N-Isopropyl-N′-phenyl-1,4-phenylenediamine
- Names: Preferred IUPAC name N^{1}-Phenyl-N^{4}-(propan-2-yl)benzene-1,4-diamine

Identifiers
- CAS Number: 101-72-4;
- 3D model (JSmol): Interactive image;
- ChEMBL: ChEMBL1449018;
- ChemSpider: 7292;
- ECHA InfoCard: 100.002.700
- EC Number: 202-969-7;
- PubChem CID: 7573;
- RTECS number: ST2650000;
- UNII: 0M7PSL4100;
- UN number: 1673
- CompTox Dashboard (EPA): DTXSID1025485 ;

Properties
- Chemical formula: C_{15}H_{18}N_{2}
- Molar mass: 226.323 g·mol^{−1}
- Appearance: dark grey flakes
- Density: 1.04
- Melting point: 75 °C (167 °F; 348 K)
- Hazards: GHS labelling:
- Pictograms: GHS07: Exclamation mark GHS08: Health hazard GHS09: Environmental hazard
- Signal word: Danger
- Hazard statements: H302, H317, H320, H371, H372, H373, H410
- Precautionary statements: P260, P264, P270, P272, P273, P280, P301+P312, P302+P352, P305+P351+P338, P309+P311, P314, P321, P330, P333+P313, P337+P313, P363, P391, P405, P501

= N-Isopropyl-N'-phenyl-1,4-phenylenediamine =

N-Isopropyl-N′-phenyl-1,4-phenylenediamine (often abbreviated IPPD) is an organic compound commonly used as an antiozonant in rubbers.

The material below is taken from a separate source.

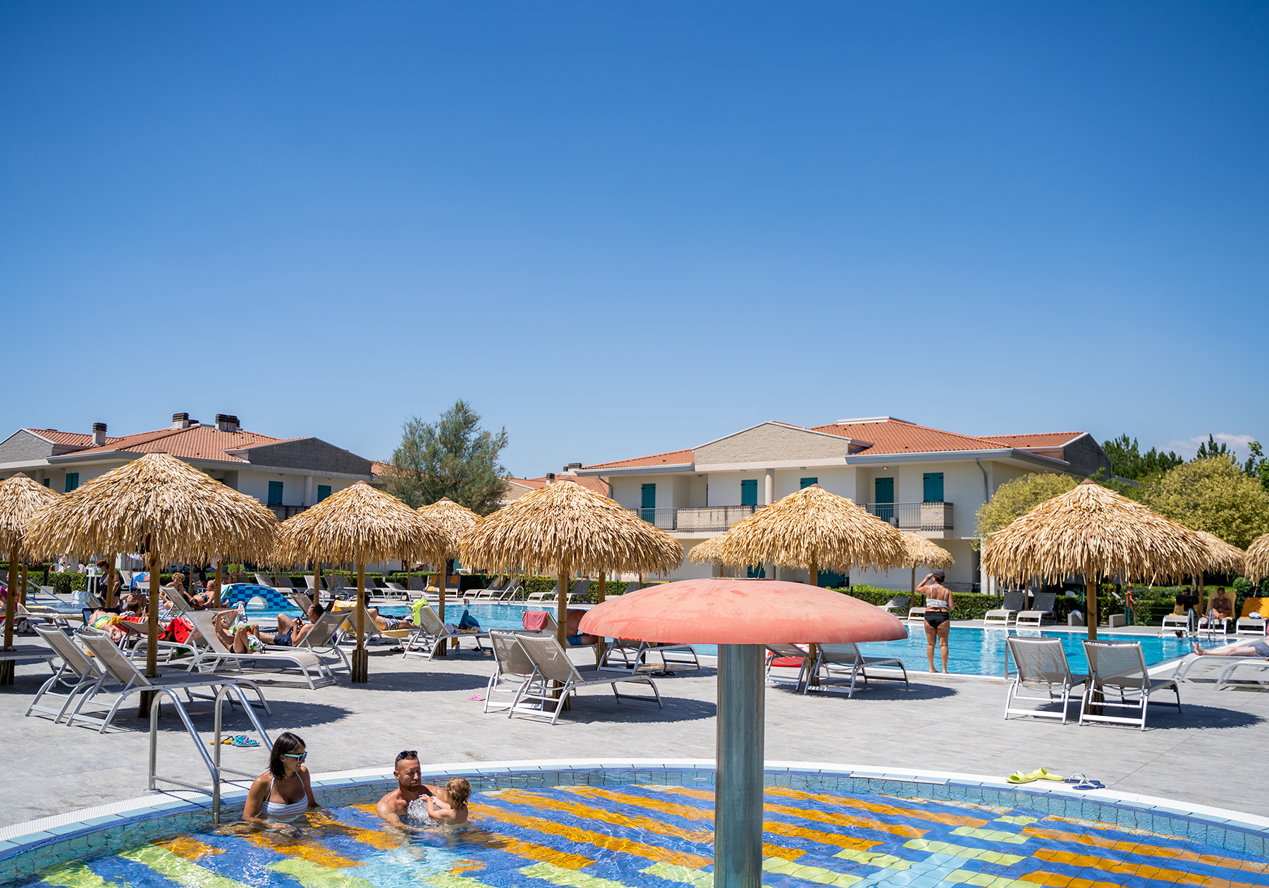 Der Pool für Erwachsene und Kinder verfügt über Wasserspiele, einen entspannenden Whirlpool und eine große Sonnenterrasse mit bequemen Liegen, Sonnenschirmen und Pavillons. Für Sportbegeisterte gibt es einen Fitnesspfad mit verschiedenen Geräten sowie Fitness- und Yogakurse für alle, die auch im Urlaub aktiv und fit bleiben möchten.

Like other p-phenylenediamine-based antiozonants it works by virtue of its low ionization energy, which allows it to react with ozone faster than ozone will react with rubber. This reaction converts it to the corresponding aminoxyl radical (R_{2}N–O•), with the ozone being converted to a hydroperoxyl radical (HOO•), these species can then be scavenged by other antioxidant polymer stabilizers.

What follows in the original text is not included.